Return the listing below unchanged, except that the pictures are dropped.
═══ SUPPLIED MATERIAL ═══
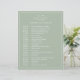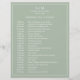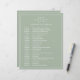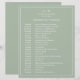 Einfache Wedding Timeline mit einem modernen, aber eleganten Design mit Ihren zwei Buchstaben Monogramm an der Spitze und Ihre Details umgeben von einem dünnen Rand. Der gesamte Text ist weiß über einen sage-grünen Hintergrund und kann durch Anklicken des Buttons "Anpassen" in beliebige Farben geändert werden. Ein elegantes und stilvolles Design, das sich ideal für ein minimalistisches Paar eignet.
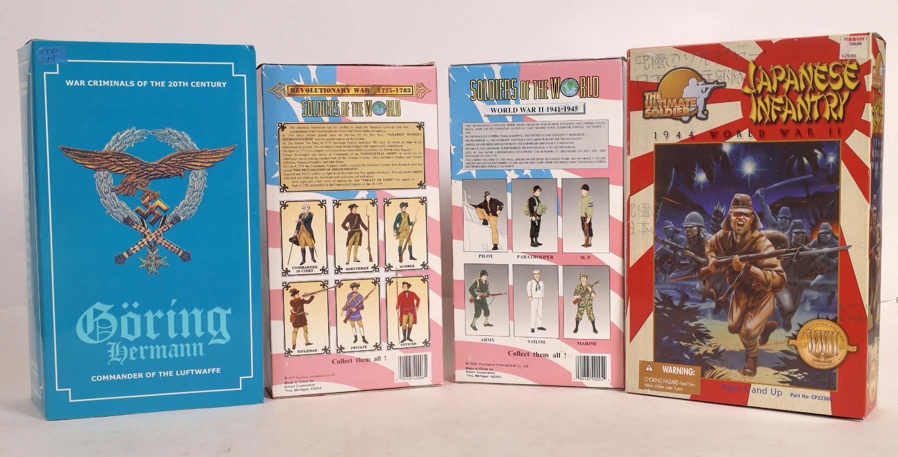 A lot of 13 action figures and vehicles from the GI Joe, Ultimate Soldier and War Criminals of the 20th Century toy (?) lines. Figures include Revolution, Civil War and WWII figures, like a Japanese infantryman and Luftwaffe leader Hermann Goring (Don't ask me, I only describe the stuff). There is also Sherman tank (About 25") , a US courier on a Harley Davidson and a German WWII motorcycle from "Ultimate Soldier. All are new in box. Please see photos for more details.
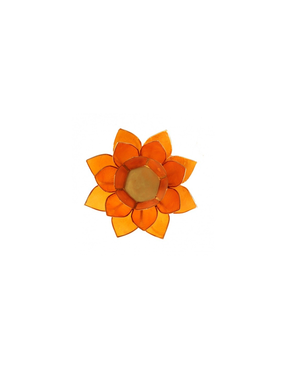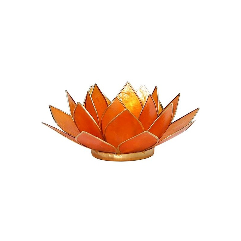 Wunderschönes großes Lotus-Stimmungslicht aus Capiz-Muschel in der Farbe Amber-Orange. Der Lotus ist das Symbol der Dunkelheit für das Licht, von der Unwissenheit bis zur Erkenntnis. Der Lotus symbolisiert auch die 7 Energiezentren im menschlichen Körper, die Chakren.
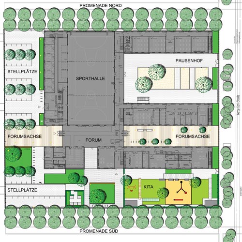 Vielfältige Aussenräume gliedern wie grüne Fugen das Stadteilzentrum:
═══
→ SOLUTION TO THE PROBLEM
 Einfache Wedding Timeline mit einem modernen, aber eleganten Design mit Ihren zwei Buchstaben Monogramm an der Spitze und Ihre Details umgeben von einem dünnen Rand. Der gesamte Text ist weiß über einen sage-grünen Hintergrund und kann durch Anklicken des Buttons "Anpassen" in beliebige Farben geändert werden. Ein elegantes und stilvolles Design, das sich ideal für ein minimalistisches Paar eignet.
 A lot of 13 action figures and vehicles from the GI Joe, Ultimate Soldier and War Criminals of the 20th Century toy (?) lines. Figures include Revolution, Civil War and WWII figures, like a Japanese infantryman and Luftwaffe leader Hermann Goring (Don't ask me, I only describe the stuff). There is also Sherman tank (About 25") , a US courier on a Harley Davidson and a German WWII motorcycle from "Ultimate Soldier. All are new in box. Please see photos for more details.
 Wunderschönes großes Lotus-Stimmungslicht aus Capiz-Muschel in der Farbe Amber-Orange. Der Lotus ist das Symbol der Dunkelheit für das Licht, von der Unwissenheit bis zur Erkenntnis. Der Lotus symbolisiert auch die 7 Energiezentren im menschlichen Körper, die Chakren.
 Vielfältige Aussenräume gliedern wie grüne Fugen das Stadteilzentrum:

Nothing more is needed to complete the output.